▶ _Exercise goal_
In the entries that follow, repeat exactly the lines from the one that has "Bursa'nın Osmangazi ilçesi" through the one that has "3. 앱 목록 우측의 필터 버튼을 클릭합니다.", but omit pictures.

▶ _Dataset records_
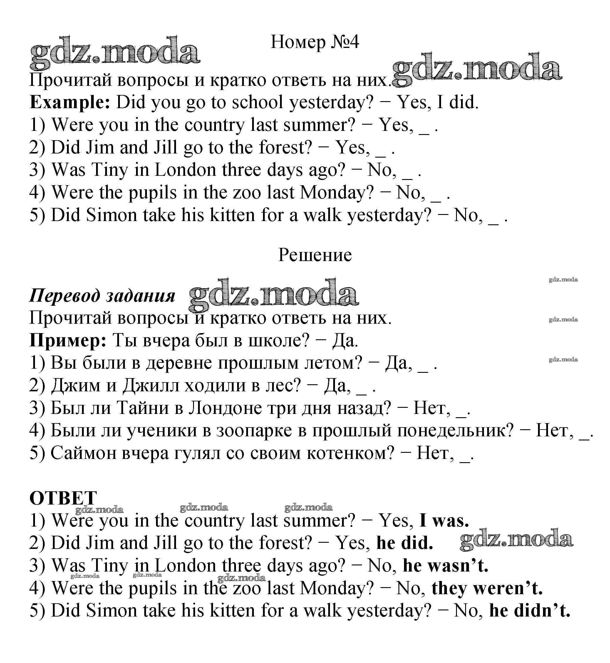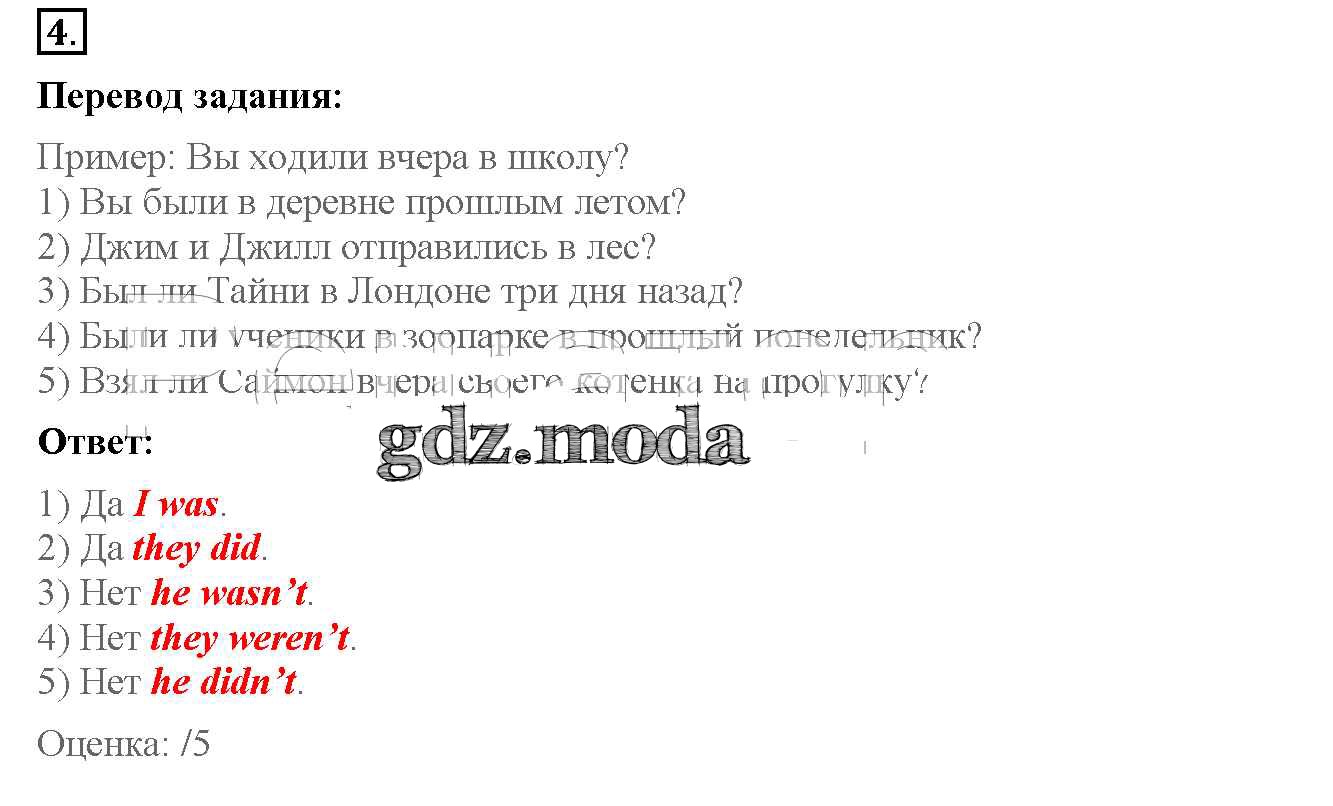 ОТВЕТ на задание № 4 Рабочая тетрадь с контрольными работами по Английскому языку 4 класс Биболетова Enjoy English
--
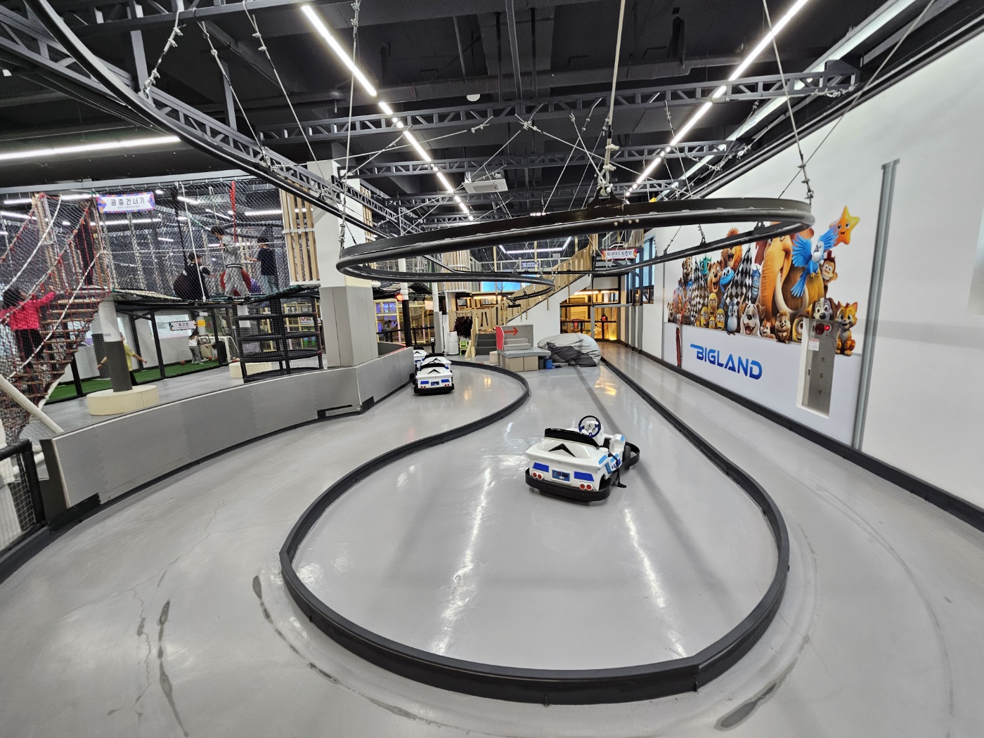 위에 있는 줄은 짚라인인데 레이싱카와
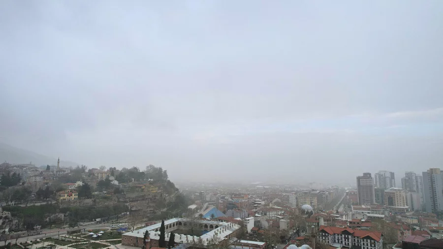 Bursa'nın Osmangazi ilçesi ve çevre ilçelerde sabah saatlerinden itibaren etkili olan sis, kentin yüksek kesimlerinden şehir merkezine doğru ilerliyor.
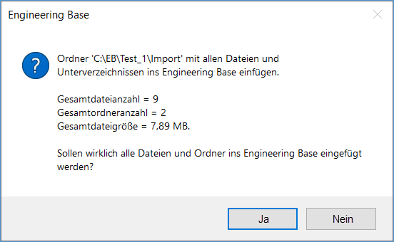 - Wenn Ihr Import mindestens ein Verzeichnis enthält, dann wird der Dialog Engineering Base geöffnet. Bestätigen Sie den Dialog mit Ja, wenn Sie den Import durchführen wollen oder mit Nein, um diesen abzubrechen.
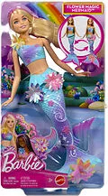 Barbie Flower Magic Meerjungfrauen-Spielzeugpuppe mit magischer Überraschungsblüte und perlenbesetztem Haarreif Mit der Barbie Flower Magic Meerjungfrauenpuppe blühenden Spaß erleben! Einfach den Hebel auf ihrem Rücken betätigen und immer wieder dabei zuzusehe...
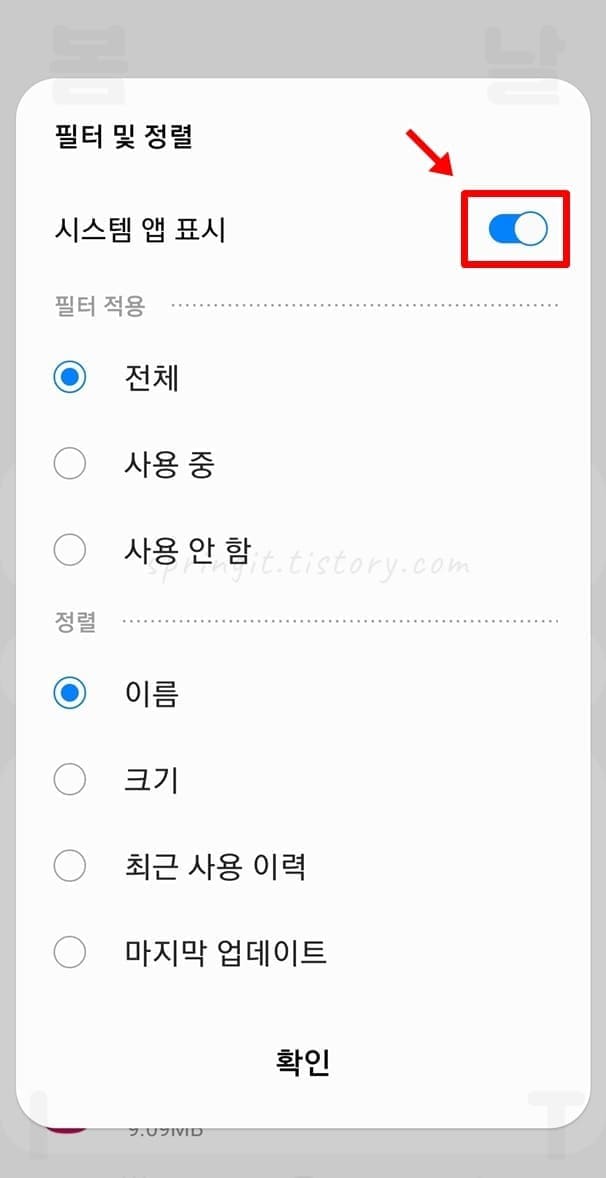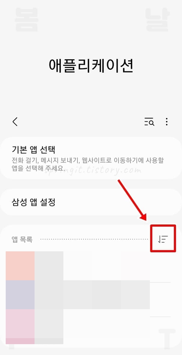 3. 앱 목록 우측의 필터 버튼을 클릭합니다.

▶ _Exercise solution_
 Bursa'nın Osmangazi ilçesi ve çevre ilçelerde sabah saatlerinden itibaren etkili olan sis, kentin yüksek kesimlerinden şehir merkezine doğru ilerliyor.
 - Wenn Ihr Import mindestens ein Verzeichnis enthält, dann wird der Dialog Engineering Base geöffnet. Bestätigen Sie den Dialog mit Ja, wenn Sie den Import durchführen wollen oder mit Nein, um diesen abzubrechen.
 Barbie Flower Magic Meerjungfrauen-Spielzeugpuppe mit magischer Überraschungsblüte und perlenbesetztem Haarreif Mit der Barbie Flower Magic Meerjungfrauenpuppe blühenden Spaß erleben! Einfach den Hebel auf ihrem Rücken betätigen und immer wieder dabei zuzusehe...
 3. 앱 목록 우측의 필터 버튼을 클릭합니다.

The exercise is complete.